Elle lui tend la joue :
— Embrassez-moi...
Et il l'embrasse. C'est frais et doux comme tout. Ça finit de le calmer tout à fait, ce baiser.
— Comment vous appelez-vous ?
— Raoul.
— II me semble que vous êtes mon frère... C'est vrai...
— Tu as un frère ?
— Non. J'aurais bien voulu, il nous aurait défendues... J'ai trois petites sœurs qui ont douze, sept et quatre ans... Maman est morte il y a deux ans... C'est depuis ce temps-là que ce n'est plus tenable, à la maison... lorsqu'Elle est venue s'installer...
— Qui ça — Elle ?..
— La maîtresse de papa... Elle ne peut pas nous sentir, mes sœurs et moi... Maman ne s'occupait pas beaucoup de nous parce qu'elle était toujours malade, mais celle-là !.. Ah non ! je ne yeux pas rester là-dedans !.. Mes sœurs, ça va encore, elles sont petites, quand on les gifle elles pleurent, et puis voilà... mais moi je lui répondais, alors... Hier elle m'a encore battue, alors je n'ai rien dit, j'ai mis mes affaires dans une malle, et quand elle est sortie, je suis partie...
Vallonges pense que c'est une histoire simple... tout à fait simple... et même lamentablement simple...
— Qu'est-ce qu'il fait, ton père ?
— Papa ? II... non, je ne veux pas vous dire... Si vous deviniez qui c'est, après, vous voudriez peut-être me ramener... Ce n'est pas que je n'aie pas confiance en vous, mais je ne veux pas que vous me rameniez...
— Mais non ! Et puis tu sais, il n'y a pas beaucoup de chances que je le devine... Je ne le connais pas, ton père...
Elle ne répond pas, se laisse aller contre lui, toute prise de fatigue et de sommeil tout à coup...
— Allons... tu me raconteras tout cela demain... faut dormir...
— Je vais m'installer là, sur le divan.
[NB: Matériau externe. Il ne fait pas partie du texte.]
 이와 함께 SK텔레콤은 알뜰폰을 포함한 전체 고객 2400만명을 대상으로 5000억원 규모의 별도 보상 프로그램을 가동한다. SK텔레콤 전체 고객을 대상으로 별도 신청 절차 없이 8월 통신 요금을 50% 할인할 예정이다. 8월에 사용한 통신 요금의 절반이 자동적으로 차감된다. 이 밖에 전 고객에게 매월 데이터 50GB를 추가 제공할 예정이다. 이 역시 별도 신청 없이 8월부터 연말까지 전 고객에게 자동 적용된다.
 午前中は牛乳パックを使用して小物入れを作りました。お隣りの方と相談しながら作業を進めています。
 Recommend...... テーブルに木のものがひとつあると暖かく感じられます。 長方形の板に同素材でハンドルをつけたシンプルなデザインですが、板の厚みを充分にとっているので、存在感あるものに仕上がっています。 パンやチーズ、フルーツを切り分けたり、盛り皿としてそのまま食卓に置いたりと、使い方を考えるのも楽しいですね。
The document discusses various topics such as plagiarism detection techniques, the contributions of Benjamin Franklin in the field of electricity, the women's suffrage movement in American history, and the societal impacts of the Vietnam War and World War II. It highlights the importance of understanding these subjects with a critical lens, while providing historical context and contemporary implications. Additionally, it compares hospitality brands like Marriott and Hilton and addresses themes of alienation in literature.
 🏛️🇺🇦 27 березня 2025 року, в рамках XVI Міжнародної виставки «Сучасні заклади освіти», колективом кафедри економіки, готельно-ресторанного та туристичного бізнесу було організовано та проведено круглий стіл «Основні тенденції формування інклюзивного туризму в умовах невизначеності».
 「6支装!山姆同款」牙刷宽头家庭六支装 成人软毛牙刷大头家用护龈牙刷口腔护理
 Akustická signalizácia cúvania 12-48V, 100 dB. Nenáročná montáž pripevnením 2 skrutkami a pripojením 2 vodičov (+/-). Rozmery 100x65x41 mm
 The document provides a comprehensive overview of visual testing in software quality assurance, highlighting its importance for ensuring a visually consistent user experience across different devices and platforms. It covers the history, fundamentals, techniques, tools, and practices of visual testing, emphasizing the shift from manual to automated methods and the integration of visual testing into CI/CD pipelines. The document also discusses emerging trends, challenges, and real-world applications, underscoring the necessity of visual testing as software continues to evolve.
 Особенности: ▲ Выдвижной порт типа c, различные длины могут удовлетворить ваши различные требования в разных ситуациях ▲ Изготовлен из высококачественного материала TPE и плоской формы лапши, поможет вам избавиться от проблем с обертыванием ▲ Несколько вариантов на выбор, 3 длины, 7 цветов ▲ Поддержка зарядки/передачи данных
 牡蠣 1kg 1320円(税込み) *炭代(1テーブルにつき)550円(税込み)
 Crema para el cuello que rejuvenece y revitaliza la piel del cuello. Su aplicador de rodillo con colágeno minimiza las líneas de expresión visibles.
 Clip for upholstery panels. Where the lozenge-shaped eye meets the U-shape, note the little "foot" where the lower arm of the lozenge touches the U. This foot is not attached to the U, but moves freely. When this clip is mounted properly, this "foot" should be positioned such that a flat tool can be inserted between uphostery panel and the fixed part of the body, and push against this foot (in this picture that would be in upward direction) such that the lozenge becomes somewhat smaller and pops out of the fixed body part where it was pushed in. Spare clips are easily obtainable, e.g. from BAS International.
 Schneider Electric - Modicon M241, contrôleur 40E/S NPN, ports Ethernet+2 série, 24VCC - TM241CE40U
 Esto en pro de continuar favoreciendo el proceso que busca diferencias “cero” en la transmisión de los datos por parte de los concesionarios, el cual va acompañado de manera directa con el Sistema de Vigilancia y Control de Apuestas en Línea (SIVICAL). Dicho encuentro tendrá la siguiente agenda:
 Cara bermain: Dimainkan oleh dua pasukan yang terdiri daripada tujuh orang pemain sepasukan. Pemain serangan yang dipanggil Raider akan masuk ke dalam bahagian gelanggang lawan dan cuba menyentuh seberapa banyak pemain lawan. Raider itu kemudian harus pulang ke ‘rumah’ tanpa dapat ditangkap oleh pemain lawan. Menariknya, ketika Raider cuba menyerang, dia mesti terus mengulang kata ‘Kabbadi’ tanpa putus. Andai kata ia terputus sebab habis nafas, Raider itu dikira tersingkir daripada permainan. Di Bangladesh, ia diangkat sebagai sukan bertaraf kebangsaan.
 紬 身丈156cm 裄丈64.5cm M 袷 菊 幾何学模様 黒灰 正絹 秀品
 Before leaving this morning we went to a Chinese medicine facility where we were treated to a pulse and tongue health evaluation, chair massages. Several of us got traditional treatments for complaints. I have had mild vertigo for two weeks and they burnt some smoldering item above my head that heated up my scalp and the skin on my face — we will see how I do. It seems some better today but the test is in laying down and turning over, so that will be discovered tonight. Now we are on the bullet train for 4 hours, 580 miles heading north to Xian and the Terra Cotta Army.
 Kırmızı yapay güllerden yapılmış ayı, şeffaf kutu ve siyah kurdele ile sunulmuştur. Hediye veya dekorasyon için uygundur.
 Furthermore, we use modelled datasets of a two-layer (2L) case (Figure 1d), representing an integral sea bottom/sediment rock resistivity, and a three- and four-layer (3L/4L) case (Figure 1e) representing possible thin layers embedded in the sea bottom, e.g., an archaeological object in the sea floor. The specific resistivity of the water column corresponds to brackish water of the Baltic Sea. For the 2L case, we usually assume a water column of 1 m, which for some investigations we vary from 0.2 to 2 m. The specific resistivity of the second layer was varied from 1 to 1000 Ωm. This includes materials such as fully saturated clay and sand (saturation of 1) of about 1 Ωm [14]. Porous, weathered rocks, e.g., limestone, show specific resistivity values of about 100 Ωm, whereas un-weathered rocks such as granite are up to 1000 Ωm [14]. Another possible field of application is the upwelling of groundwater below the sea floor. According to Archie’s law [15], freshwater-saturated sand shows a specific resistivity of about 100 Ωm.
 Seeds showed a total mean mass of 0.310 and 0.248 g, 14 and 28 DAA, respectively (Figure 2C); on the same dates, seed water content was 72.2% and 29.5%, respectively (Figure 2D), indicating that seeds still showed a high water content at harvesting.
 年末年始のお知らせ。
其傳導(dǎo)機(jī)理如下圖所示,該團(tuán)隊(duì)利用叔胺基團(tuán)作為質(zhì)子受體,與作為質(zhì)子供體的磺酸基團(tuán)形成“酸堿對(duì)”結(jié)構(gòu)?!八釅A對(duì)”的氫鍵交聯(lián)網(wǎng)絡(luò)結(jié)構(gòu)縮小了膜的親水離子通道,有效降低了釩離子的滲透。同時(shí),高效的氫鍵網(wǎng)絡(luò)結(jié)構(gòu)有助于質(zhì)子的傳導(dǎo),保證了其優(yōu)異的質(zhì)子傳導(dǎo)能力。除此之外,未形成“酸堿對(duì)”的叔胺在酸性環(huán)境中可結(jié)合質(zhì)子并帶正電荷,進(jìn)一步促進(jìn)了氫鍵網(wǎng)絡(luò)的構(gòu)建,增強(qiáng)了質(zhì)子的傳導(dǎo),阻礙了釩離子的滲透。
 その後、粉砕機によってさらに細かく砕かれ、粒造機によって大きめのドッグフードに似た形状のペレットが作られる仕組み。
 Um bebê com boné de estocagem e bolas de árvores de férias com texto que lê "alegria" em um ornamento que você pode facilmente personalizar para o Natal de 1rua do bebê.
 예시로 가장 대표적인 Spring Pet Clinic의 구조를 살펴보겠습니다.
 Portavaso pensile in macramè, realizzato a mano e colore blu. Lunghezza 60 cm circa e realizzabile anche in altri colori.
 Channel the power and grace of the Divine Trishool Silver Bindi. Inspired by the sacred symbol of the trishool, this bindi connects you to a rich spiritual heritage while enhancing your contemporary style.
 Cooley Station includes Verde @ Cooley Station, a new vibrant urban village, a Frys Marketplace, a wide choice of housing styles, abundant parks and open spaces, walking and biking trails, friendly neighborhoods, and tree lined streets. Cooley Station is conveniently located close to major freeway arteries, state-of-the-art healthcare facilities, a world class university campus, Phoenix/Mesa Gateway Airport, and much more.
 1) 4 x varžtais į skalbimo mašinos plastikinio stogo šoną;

Je ne vous gênerai pas...
— Pas du tout... pas du tout... tu vas prendre mon lit... moi j'ai à travailler... Allons !.. Attends que je t'allume une lampe...
— Mais je ne veux pas vous déranger...
— Dépêche-toi ! dépêche-toi !.. Veux-tu que je te donne une chemise de nuit ?..
— Je veux bien... toutes mes affaires sont à l'hôtel...
Vallonges lui donne une chemise de nuit à Odette... pas une chemise de pensionnaire précisément...
— Oh qu'elle est jolie !
— Couche-toi vite — et dors vite...
— Bonsoir, Raoul...
— Bonsoir, Mimi...."
*****
Dans son "Journal", Edmond de Goncourt note à la date du 10 mai 1896 :
"Paul Margueritte, accompagné de son frère Victor, vient déjeuner chez moi.
Paul Margueritte me parle d'un dîner avec Rosny, qu'il a trouvé bien acerbe et qui continue à lui faire légèrement peur.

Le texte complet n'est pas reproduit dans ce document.